Sometimes the process of collecting follows an unexpected path. The story of the museum’s acquisition of a suite of mid-1970s works by Charlotte Perriand began with an e-mail from Poland and led us from a garage in suburban Addison, Illinois, to a remote mountain range in the Alps.
Nearly five years ago, we received an e-mail from a Polish art collector and his architect-trained wife who live in the western Chicago suburb of Addison. Together they had developed a serious collection of work by Perriand, including furniture and objects from a ski resort called Les Arcs in the French Alps.
The objects they proposed for our collection were rather unusual: two entire rooms made out of shiny red molded fiberglass—a kitchen and a bathroom—complete with appliances, and fixtures including sinks, lights, an oven, and even a bidet in the bathroom unit. These prefabs, or prefabricated units, were created in a factory in order to be “plugged in” to the frames of large residential buildings in the resort during the course of construction.
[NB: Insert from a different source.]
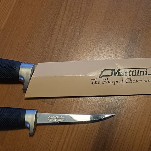 Marttiinin sieniveitsen kahvan päässä on kätevä puhdistusharja, jolla voi helposti poistaa roskat sienistä. Terä on juuri sopivan ohut sienien käsittelyä varten. Kooltaan veitsi on hyvä: veitsen pituus on 18 cm, nahkaisen tupen kanssa 19 cm. Nahkatupessa on lenkki, jolla veitsen voi kiinnittää vyöhön. Terä ruostumatonta terästä, kahva muovia.
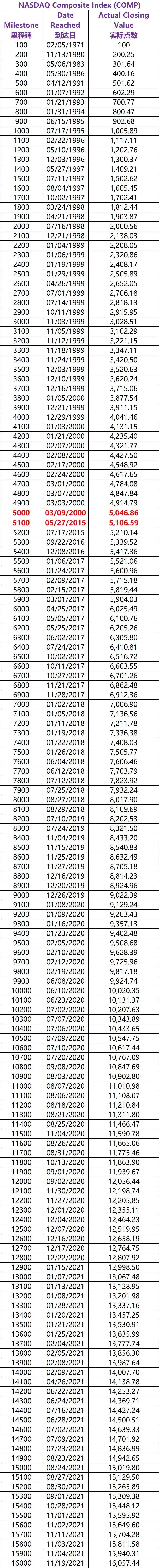 这是在纳斯达克官网下载的纳指里程碑(milestone)表,记录了从1971年起每涨1点的时间节点,最高冲到16点,1971-2021,1点到16点,50年,160倍,理想化的年化利率121%,太理想化了,想都不敢想。

French architect and designer Charlotte Perriand was part of a team of designers, engineers, and architects who created this resort between 1967 and 1985, with several different areas named for their altitude (Arc 1600 for the area located at 1600 meters above sea level, Arc 1800, etc.). Perriand’s design for the Les Arcs prefabs responded to the difficulties of building in this remote location, as well as the short window of time for construction between winters. Yet, it was also a modernist response to the social goals for this project, the democratization of skiing and winter recreation in France.
The connections between Perriand’s prefabs and other experimental work by modern architects in the museum’s collection—such as Buckminster Fuller and Bertrand Goldberg, as well as furniture in our holdings designed by Perriand and architect Le Corbusier—made the pieces irresistible. We agreed to acquire the work from the collectors and immediately began planning for the eventual inclusion of these pieces in our future plans for new permanent collection galleries in the Modern Wing.
Our two units were stored in a garage, and we drove out to Addison to retrieve them. Both were in remarkable shape, appliances intact, so they came back to the museum with us.
However, the work and adventure had only just begun. A few years later, the Department of Architecture and Design received a generous grant from the museum’s Community Associates to produce videos related to important pieces in the collection. The Perriand prefabs were a special focus for this project, as we knew that these works would benefit from the kind of rich context a video could provide. You can see the final videos in the galleries.
In collaboration with the Department of Digital Experience at the museum, we partnered with Spirit of Space, a Milwaukee-based video production company that specializes in capturing the experience of architecture and the built environment. Our work on the videos began in late winter, and as we initiated discussions with the filmmakers, we realized that we needed to get to Les Arcs in just a few short weeks to make sure there was still snow on the ground! After a flurry of exciting phone calls and emails in French with a press contact at Les Arcs and a number of owners of units at the ski resort, we headed to the Alps.
Les Arcs is located in a remote area of France roughly equidistant from Lyon, Turin in Italy, and Geneva in Switzerland. It took a plane, train, and finally a funicular ride to arrive at our shoot. The location is more beautiful than we imagined, a secluded complex of residential buildings, pristine slopes, and wooded hills that looked remarkably fresh more than 30 years after the completion of the project. We stayed in one of Perriand’s original apartments and experienced firsthand the spatial logic of these compact yet airy spaces, complete with a double-height living room, cozy mezzanine bedrooms with mountain views, and yes, a super shiny space-age prefab bathroom (though this one was blue)!
As we open the doors to our remarkable new architecture and design galleries in the Modern Wing this week, I can’t wait for visitors to share in the excitement of our visit to Les Arcs, through their experience with Charlotte Perriand’s remarkable objects on view as well as the stunning video of the landscape and buildings that formed such an important part of her prolific career.
—Alison Fisher, Harold and Margot Schiff Associate Curator of the Department of Architecture and Design
Past Forward: Architecture and Design at the Art Institute opens September 12.